*** Opening of DATASET EXCERPTS ***

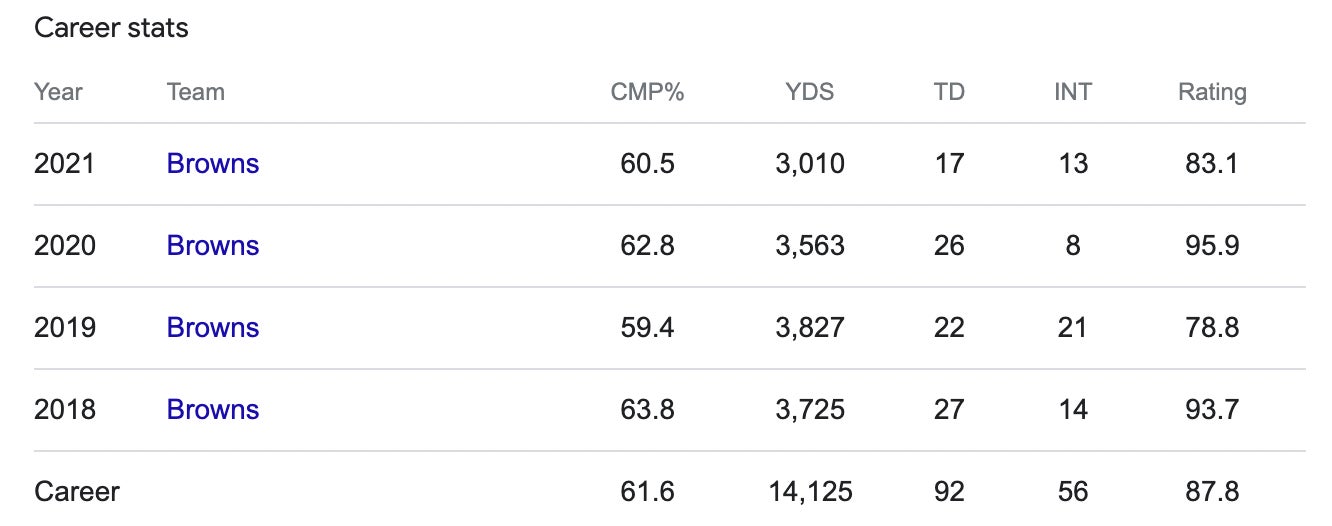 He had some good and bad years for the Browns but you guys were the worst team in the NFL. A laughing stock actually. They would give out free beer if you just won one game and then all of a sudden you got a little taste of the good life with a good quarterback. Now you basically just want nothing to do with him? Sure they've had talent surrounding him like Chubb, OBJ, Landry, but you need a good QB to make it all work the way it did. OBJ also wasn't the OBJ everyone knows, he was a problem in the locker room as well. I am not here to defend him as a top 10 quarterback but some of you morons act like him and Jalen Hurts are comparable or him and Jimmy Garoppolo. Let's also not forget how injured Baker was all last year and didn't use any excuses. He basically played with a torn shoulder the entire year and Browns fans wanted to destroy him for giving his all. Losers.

*** Close of DATASET EXCERPTS ***
*** Opening of DATASET EXCERPTS ***

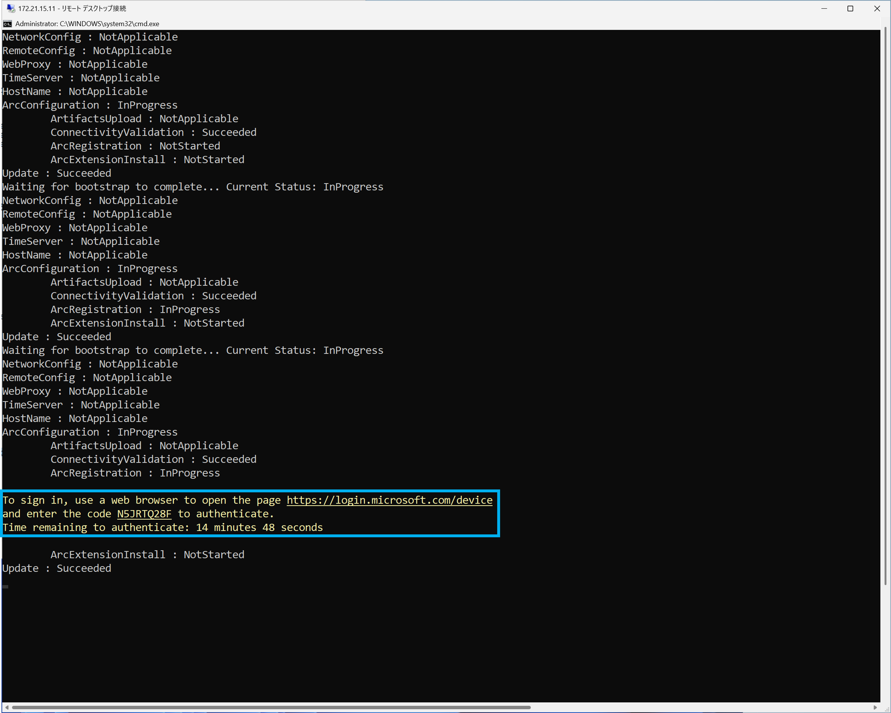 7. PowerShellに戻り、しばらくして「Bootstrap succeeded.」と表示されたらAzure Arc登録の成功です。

*** Close of DATASET EXCERPTS ***
*** Opening of DATASET EXCERPTS ***

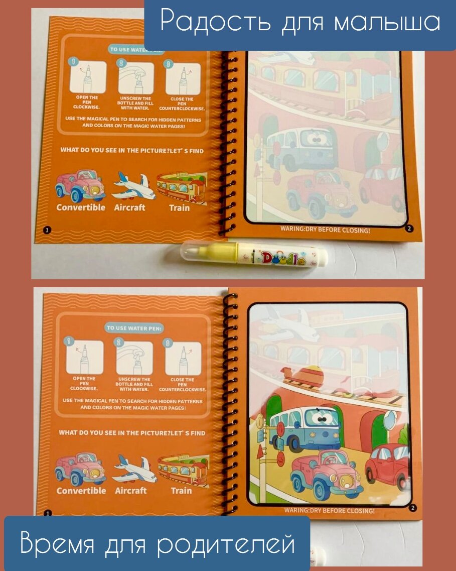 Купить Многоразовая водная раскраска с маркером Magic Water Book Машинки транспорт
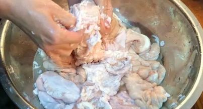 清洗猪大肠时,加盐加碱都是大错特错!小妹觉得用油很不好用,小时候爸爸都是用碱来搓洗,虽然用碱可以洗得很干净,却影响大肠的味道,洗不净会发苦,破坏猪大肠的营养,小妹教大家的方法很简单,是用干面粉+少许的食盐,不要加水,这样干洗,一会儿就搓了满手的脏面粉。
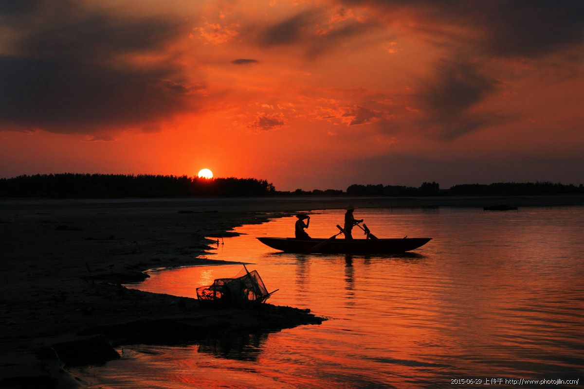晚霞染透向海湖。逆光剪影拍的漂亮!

*** Close of DATASET EXCERPTS ***

_ACTION ITEM_. The expected output is the lines above from the one containing "Купить Многоразовая водная" to the one containing "晚霞染透向海湖。逆光剪影拍的漂亮!", both ends included, reproduced exactly with every picture left out.

_SOLUTION TO THE EXERCISE_.
 Купить Многоразовая водная раскраска с маркером Magic Water Book Машинки транспорт
 清洗猪大肠时,加盐加碱都是大错特错!小妹觉得用油很不好用,小时候爸爸都是用碱来搓洗,虽然用碱可以洗得很干净,却影响大肠的味道,洗不净会发苦,破坏猪大肠的营养,小妹教大家的方法很简单,是用干面粉+少许的食盐,不要加水,这样干洗,一会儿就搓了满手的脏面粉。
晚霞染透向海湖。逆光剪影拍的漂亮!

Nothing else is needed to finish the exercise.